• The task
Look through the lines below for the word "Mikuláš", and copy every line that has it.

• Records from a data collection
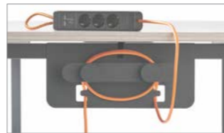
Crochet avec boîtier à suspendre Flex
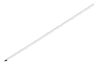
Alambre Roscado Parcial-Total Kirschner
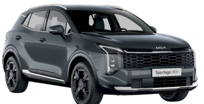
Gark Gray (H8G)
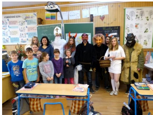
Mikuláš, Čert a Anděl u nás ve škole

4. prosince 2015 navštívil naši školu Mikuláš, Andělé a Čerti. Poctivě navštívili všechny třídy školy a prověřili, zda byly všechny děti hodné a jestli někdo z nich nezlobil. Asi ne, protože ještě i v 9. třídě byly pytle čertů úplně prázdné. Děti návštěvníkům zazpívali nebo jim recitovali básničky.
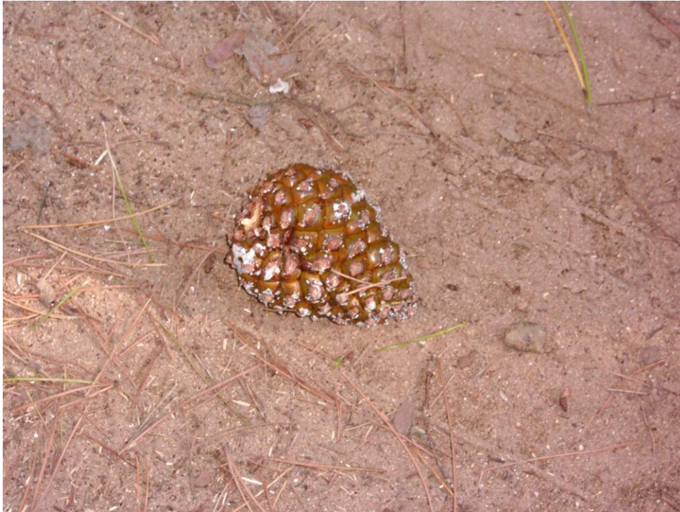
Piña de pino piñonero. Montañas de Begur (2012)

Romper piñones es un trabajo femenino y de las familias de pinyonaires. , que se hace delante de la puerta de la casa, al sol, utilizando dos piedras. En el Alt Vallès y en la Plana de Vic, las mujeres también los partían a pie de calle, a primera hora de la tarde. En el aplec /romería del día de Sant Nicolau [6/12/XXXX] en la ermita dedicada a él, cerca de l’Ametlla del Vallès, se consumían muchos piñones. A esta romería acudían muchos pinyonaires de Sant Feliu de Codines, con sacos llenos, que vendía a mesurons , a la gente que se sentaba alrededor de un gran fuego para calentarse, mientras la juventud bailaba el Ball rodó y la Bolangerera .
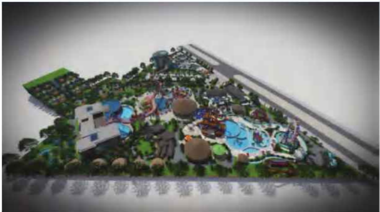
Khu vui chơi Phú Hậu - Cát Tiến, Khu kinh tế Nhơn Hội

Trên tinh thần chỉ đạo của UBND tỉnh, Ban Quản lý Khu kinh tế đã khẩn trương phối hợp với UBND huyện Phù Cát và UBND thị trấn Cát Tiến xây dựng Kế hoạch và hoàn thiện công tác xác nhận nguồn gốc đất đối với 45 hộ bị ảnh hưởng còn lại
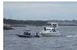
休日を無駄にしないためにも

先日、出船艇がエンジントラブルに見舞われました。出港して間もなくエンストしたため、直ちにアンカリングされ原因究明にあたったところ、燃料の供給に不具合が発見され、対処されたのち無事帰港されました。ちょっとしたトラブルで航行できなくなると、せっかくの休日が残念なことになるばかりか、場合によっては命の危険にさらされることもあります。あたり前の話ですが出港前点検というのはこういったトラブルを防ぐのにとっても大切です。海を前に早く釣行に取り掛かりたいと思う気持はよくわかりますが、ほんの10分間だけ点検に時間を割いて頂ければ、トラブルで貴重なひとときを無駄にしないで済みます。ほんの10分間です。
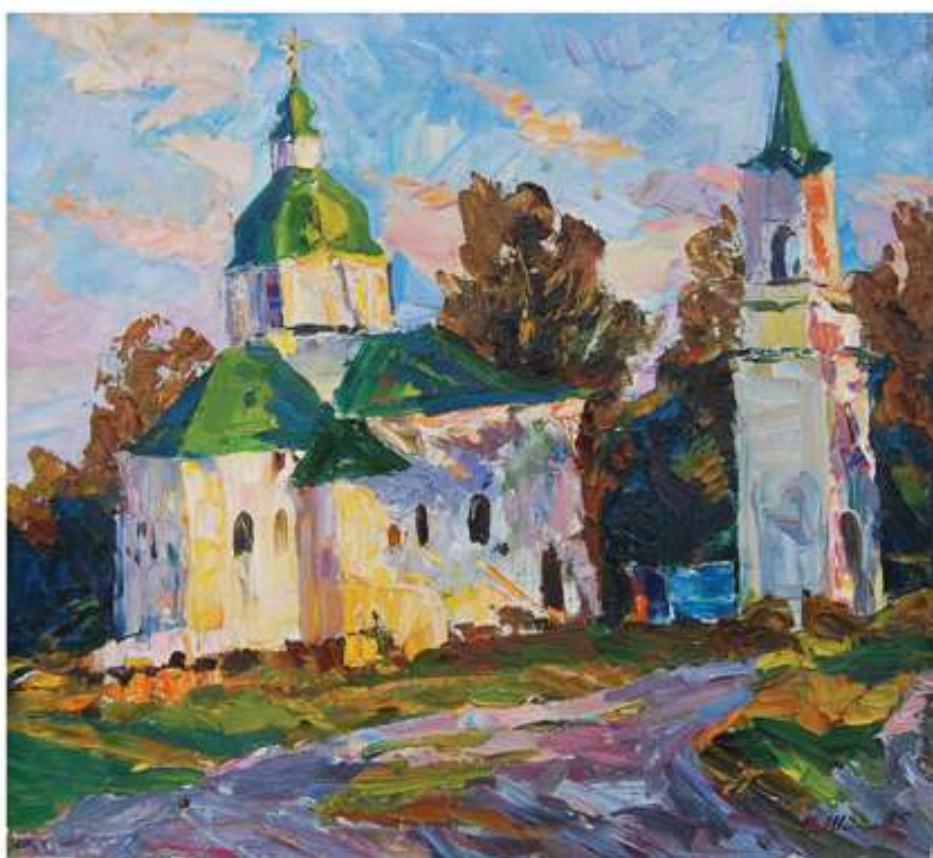
Відблиск сонця. 1985. Полотно, олія. 57x52,5
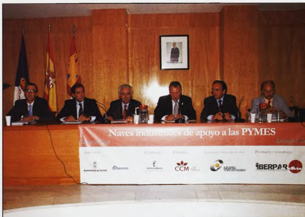
Presidencia de la mesa en la presentación del Conjunto Industrial promocionado por IBERPAR en el polígono industrial "Daimiel Sur"

La progresiva instalación de nuevas empresas en los polígonos, lleva pareja la creación de puestos de trabajo, directos e indirectos, pero también la instalación de muchos trabajadores de forma definitiva en Daimiel, con la compra del piso o casa y el gasto diario que supone mantenerse. Para potenciar la actividad industrial, el pasado 29 de junio, en el salón de Plenos del Ayuntamiento, se presentó el Conjunto Industrial para pymes de "Daimiel Sur", que consistirá en la construcción de 26 naves de 280 metros cuadrados aproximadamente, en una parcela de 20.000 m 2 . Será como el pistoletazo de salida, aunque según hemos podido saber, son varias las empresas que esperan la entrega del terreno, para iniciar las obras de construcción de sus respectivas instalaciones. Las naves podrán financiarse a través del convenio suscrito entre Caja de Castilla La
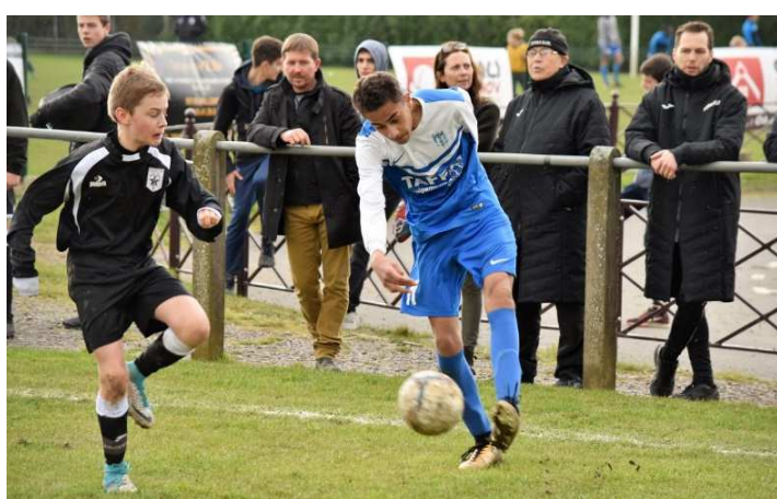
Tournoi International de Pâques les 31/03 et 01/04 – remporté cette année par le Villeneuve d'Ascq Lille Métropole
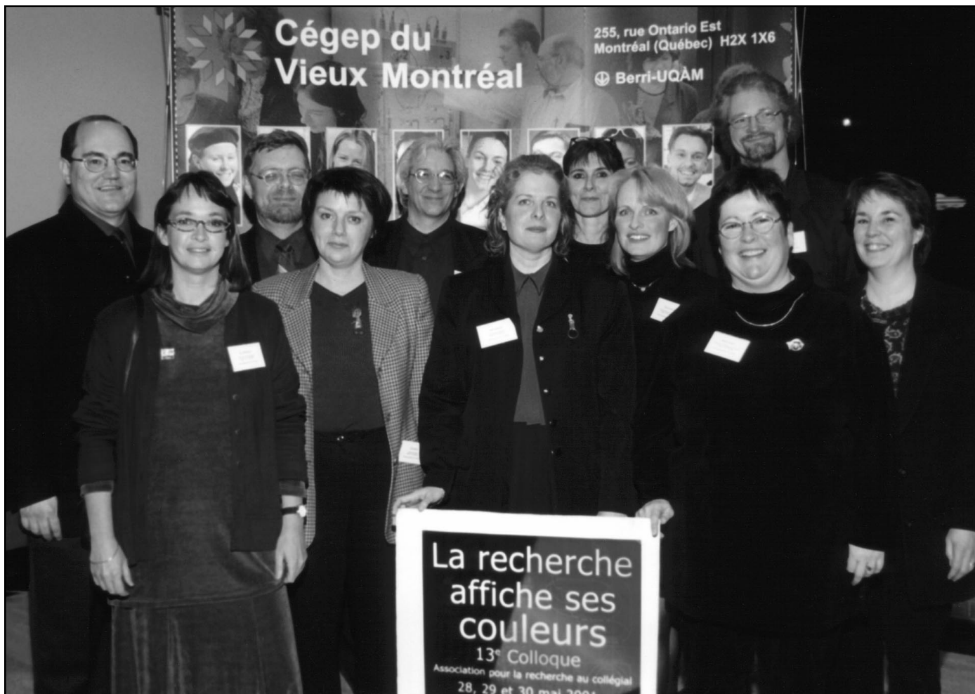
Le comité organisateur du 13 e Colloque de l'ARC

A u printemps de ce nouveau millénaire, l'ARC est fière d'afficher ses couleurs ainsi que celles des chercheuses et chercheurs qu'elle regroupe. Ces couleurs témoignent de la diversité des travaux réalisés de même que de la fierté éprouvée de la part de celles et de ceux qui font vivre la recherche à l'ordre collégial, la font également rejaillir sur l'ensemble du réseau, voire de la société. Chaudes, ces couleurs brûlent et laissent des traces au-delà des seules actrices et

• Output for this exercise
Mikuláš, Čert a Anděl u nás ve škole
4. prosince 2015 navštívil naši školu Mikuláš, Andělé a Čerti. Poctivě navštívili všechny třídy školy a prověřili, zda byly všechny děti hodné a jestli někdo z nich nezlobil. Asi ne, protože ještě i v 9. třídě byly pytle čertů úplně prázdné. Děti návštěvníkům zazpívali nebo jim recitovali básničky.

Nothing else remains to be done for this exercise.